Beginning with the line that holds "ヴィンテージオーナメントパターンロイヤルパープルナイロンジャケット", output every remaining line of the material below exactly, and include none of the pictures.

**Dataset excerpt**

- - -

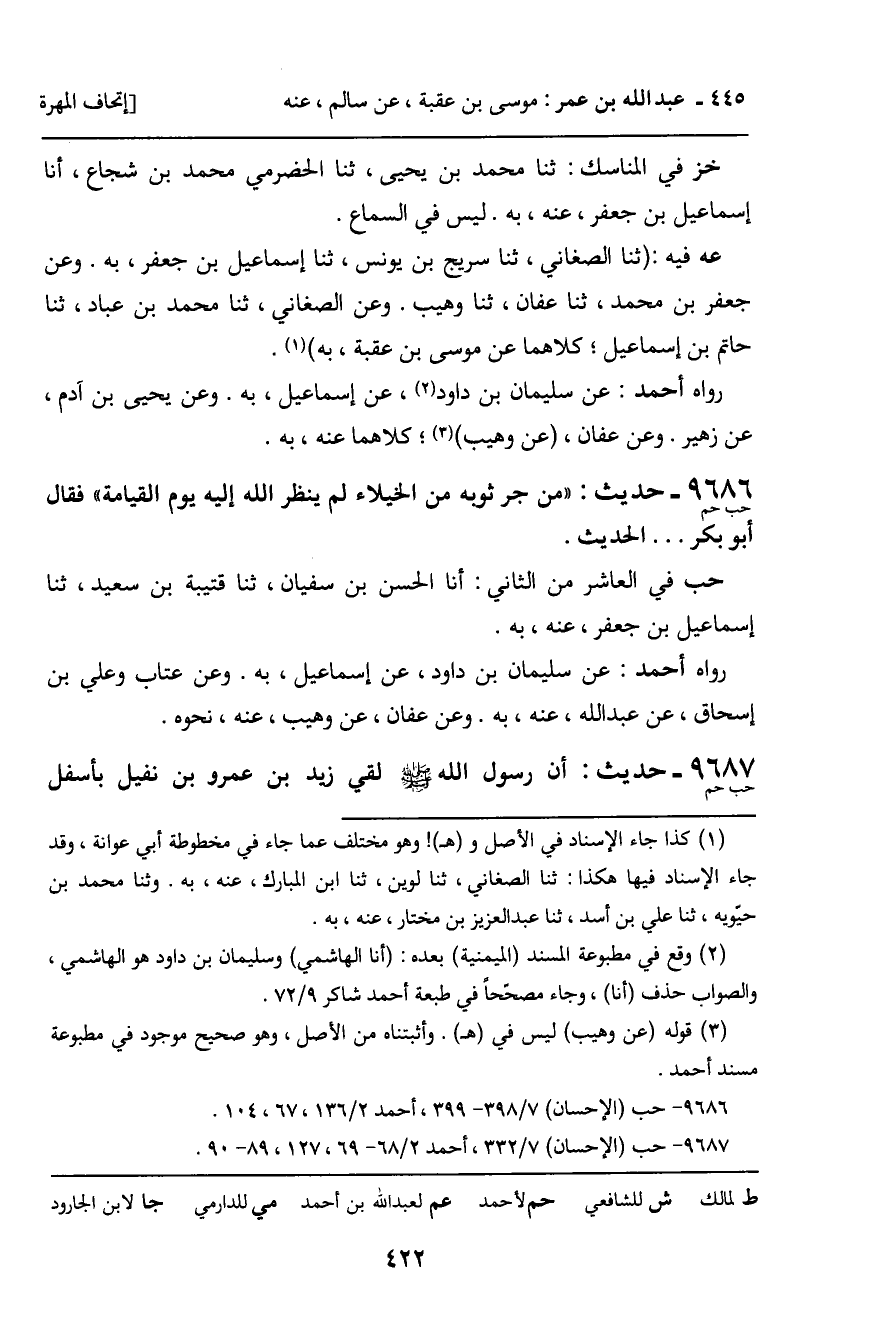 9687 - حَدِيثُ حب حم: " أَنَّ رَسُولَ اللَّهِ صَلَّى اللَّهُ عَلَيْهِ وَسَلَّمَ لَقِيَ زَيْدَ بْنَ عَمْرِو بْنِ نُفَيْلٍ بِأَسْفَلِ
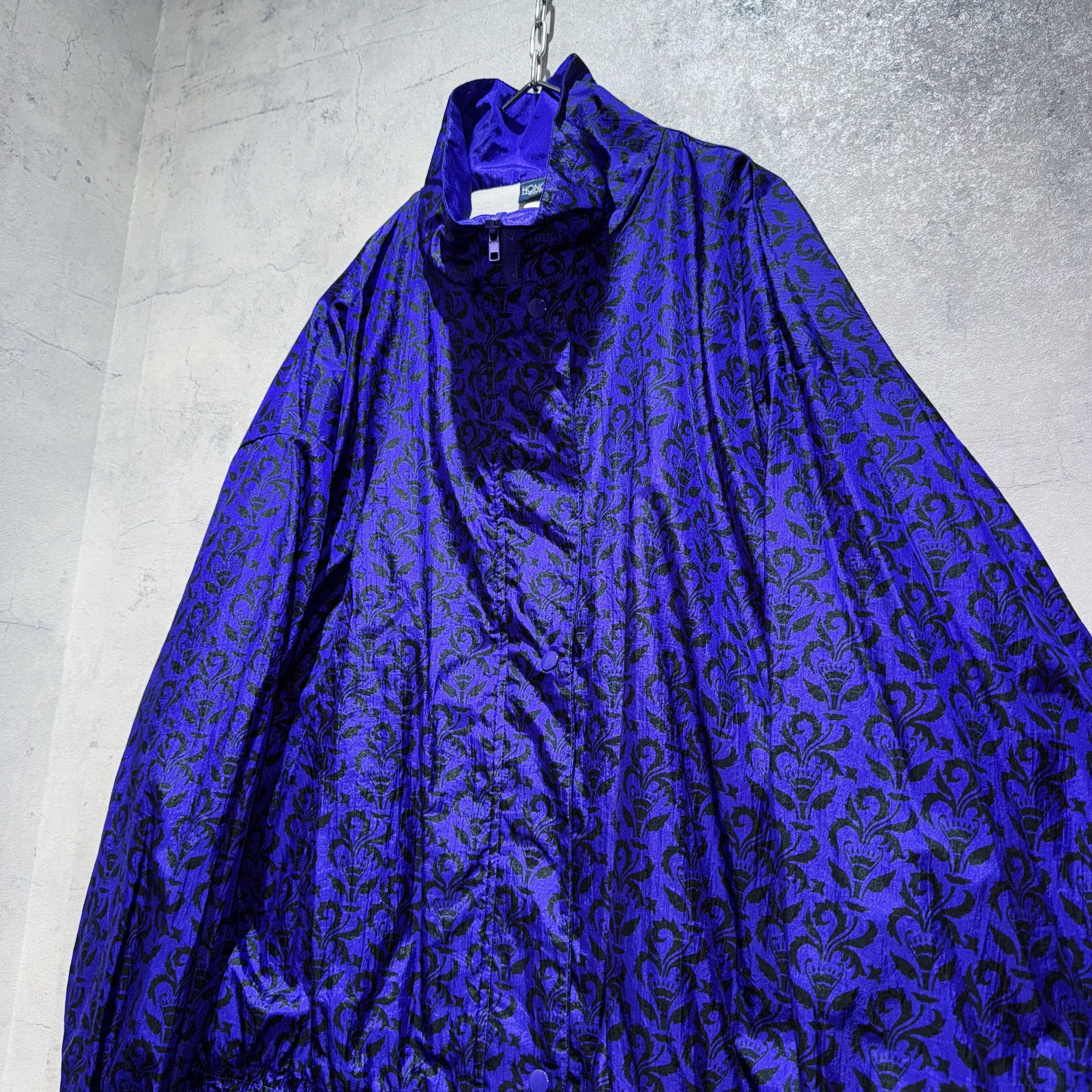 ヴィンテージオーナメントパターンロイヤルパープルナイロンジャケット
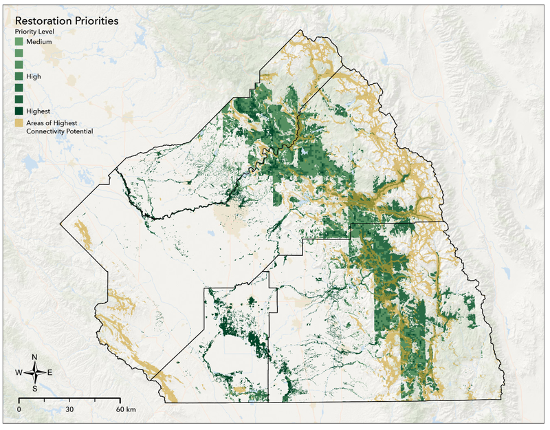 A slide deck for a GIS-based and R coding analysis identifying priority areas for ecological restoration in California's Central San Joaquin Valley using habitat suitability, land use, and climate projections.

- - -

**Result of this exercise**
 ヴィンテージオーナメントパターンロイヤルパープルナイロンジャケット
 A slide deck for a GIS-based and R coding analysis identifying priority areas for ecological restoration in California's Central San Joaquin Valley using habitat suitability, land use, and climate projections.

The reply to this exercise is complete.